Hybrid immunity pre-Omicron

Studies in Israel (Gazit, February 2022; Gazit, August 2021 – preprint, not peer-reviewed; Hammerman, February 2022), the U.K. (Hall, December 2021), India (Murugesan, August 2021) and the U.S. (Cavanaugh, August 2021; León, January 2022), all conducted during the pre-Omicron period, noted higher protection for those with previous infection and vaccination, compared to individuals previously infected but not vaccinated. large-scale observational study in the U.S. of adults with previous SARS-CoV-2 infection conservatively estimated vaccine effectiveness at 57.8% (after two primary doses and a booster dose; 95% CI: 32.1%-73.8%) against subsequent hospitalization for COVID-19 during a period of Delta circulation (Plumb, April 2022). An additional observational study in U.S. health care workers noted that among previously infected individuals, the cumulative incidence of subsequent infection in the pre-Omicron period did not differ statistically significantly by vaccination status (Shrestha, January 2022). However, in the same study, vaccination reduced the risk of symptomatic COVID-19 among individuals with previous infection (HR: 0.60; 95% CI: 0.40-0.90). Taken together, evidence from the pre-Omicron period suggests that there is an additional protective benefit of vaccination for individuals with a prior COVID-19 infection.

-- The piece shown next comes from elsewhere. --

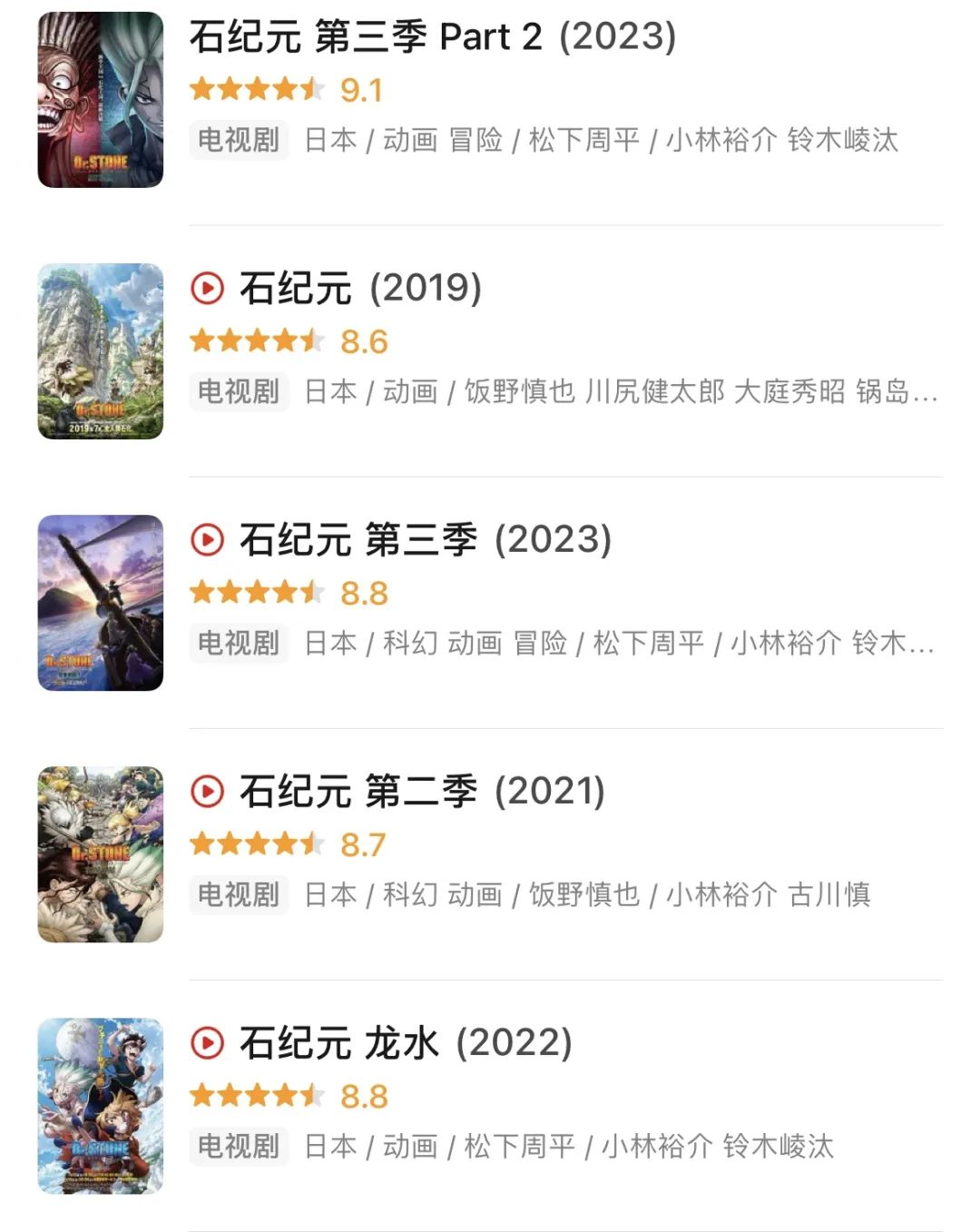 作為在主打戰鬥、運動等少年熱血漫的《JUMP》中頑強求存的科學漫,《石紀元》這種熱度也無可厚非。但從其數次衝過腰斬線,在一眾熱血漫中突出重圍躋身新四大台柱,並且三季豆瓣均分超8.7,MAL和IMBD也超8分來看,也有其值得稱道的地方。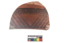 | Description / विवरण | Specimen of potsherd black on red painted pottery. It is fine fabric in sharp contrast with painted design are executed in black pigment. |

Important considerations in interpreting research on SARS-CoV-2 hybrid immunity

These studies have key limitations. First, other than age and sex, many studies did not report baseline characteristics of previously infected individuals, such as comorbidities, immunocompromised status or severity of initial COVID-19 illness, which are factors known to influence the magnitude and durability of the immune response to infection. Second, the duration of follow-up in most of these studies is a few months; therefore, the relative durability of protection from infection versus vaccination over longer periods of time (i.e., years) requires further investigation. Third, the individual effects of prior infection and vaccination are hard to separate when occurring closely together, or when the time elapsed since infection vs. vaccination is not comparable. Most studies did not stratify based on time since vaccination and time since prior infection. Finally, most studies report on effects assessed before periods of Omicron circulation; therefore, there are limits to the generalizability of study results to the Omicron period.

Gaps in Current Knowledge

Current knowledge gaps about SARS-CoV-2 immunity include:

  • The durability, kinetics, and breadth of protective immunity following SARS-CoV-2 infection and how these factors may change over time and in the context of new circulating variants of concern.
  • The impact of age, immune status, comorbidities, and severity of initial SARS-CoV-2 infection on the magnitude and durability of infection-induced immunity.
  • Immune correlates of protection following infection-induced immunity (though investigation of this topic is ongoing - see Wei, May 2022).